Recently, however, while re-reading portions of Edwin Friedman’s A Failure of Nerve, I was startled by his attack on empathy in leadership. Originally published in 1997 after Friedman’s unexpected death a year earlier, A Failure of Nerve brings into focus for institutions what his earlier work did for families and congregations. A pioneer of family systems theory, Friedman identified the role of anxiety in the emotional process of a group as the key piece of information needed to lead well. For Friedman, leaders unaware of the emotional systems of their groups can keep such groups stuck in cycles of stagnation or regression. While this blog post will not offer lengthy engagement with the nuances found in A Failure of Nerve, let me attempt to outline his main concern about empathy in leadership.
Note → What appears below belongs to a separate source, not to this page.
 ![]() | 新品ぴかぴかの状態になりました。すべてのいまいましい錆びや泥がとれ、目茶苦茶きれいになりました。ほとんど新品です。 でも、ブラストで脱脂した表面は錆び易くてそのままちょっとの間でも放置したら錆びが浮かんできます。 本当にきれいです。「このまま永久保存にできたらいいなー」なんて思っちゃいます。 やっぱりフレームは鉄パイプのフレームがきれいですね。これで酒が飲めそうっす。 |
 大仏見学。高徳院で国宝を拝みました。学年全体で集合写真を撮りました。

The fourth chapter of A Failure of Nerve is something of a treatise against empathy. Twenty years ago Rabbi Friedman already noticed the rising prominence of empathy in what he calls our “chronically anxious” society. For him, empathy is simply disguised anxiety, a “rationalization for the failure to define a position.” On this account, being empathetic merely facilitates the spread of anxiety throughout the group and even invites toxic people to enter the system. Friedman suggests that leaders should replace a focus on empathy with personal responsibility, which is a sign of well-differentiated leadership that remains connected to the group but is not enmeshed too closely with the emotional reactivity of others.
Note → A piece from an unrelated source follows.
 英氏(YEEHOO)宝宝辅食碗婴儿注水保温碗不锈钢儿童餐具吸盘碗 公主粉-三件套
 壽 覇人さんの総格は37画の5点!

Imagine a conflicted church leadership team constantly sidetracked by unhealthy “troublemakers.” According to Friedman, a leader should not assume empathy toward troublemakers will change unhealthy behavior. In this case it’s likely that the more empathetic the leader is, the more likely the group will remain trapped, that is, until the healthy “cells” of the institutional organism learn to manage their own anxiety, hold accountable those causing the trouble, and lead with courage and care. In a stark example, Friedman compared how Neville Chamberlain and Winston Churchill each handled the threat of Hitler, suggesting Chamberlain’s “empathetic” approach failed to prevent Hitler’s advances.

Friedman predicts his words against empathy will be met with disapproval. At one point he writes,

“I believe that the increasing popularity of empathy over the past few decades is symptomatic of the herding/togetherness forces characteristic of an anxious society. And I say this knowing that empathy has achieved such inviolable, holy status in the thinking of some that to even to question its value will be considered as irreverent, if not sacrilegious, as denying the Trinity or cursing the Land of Israel.”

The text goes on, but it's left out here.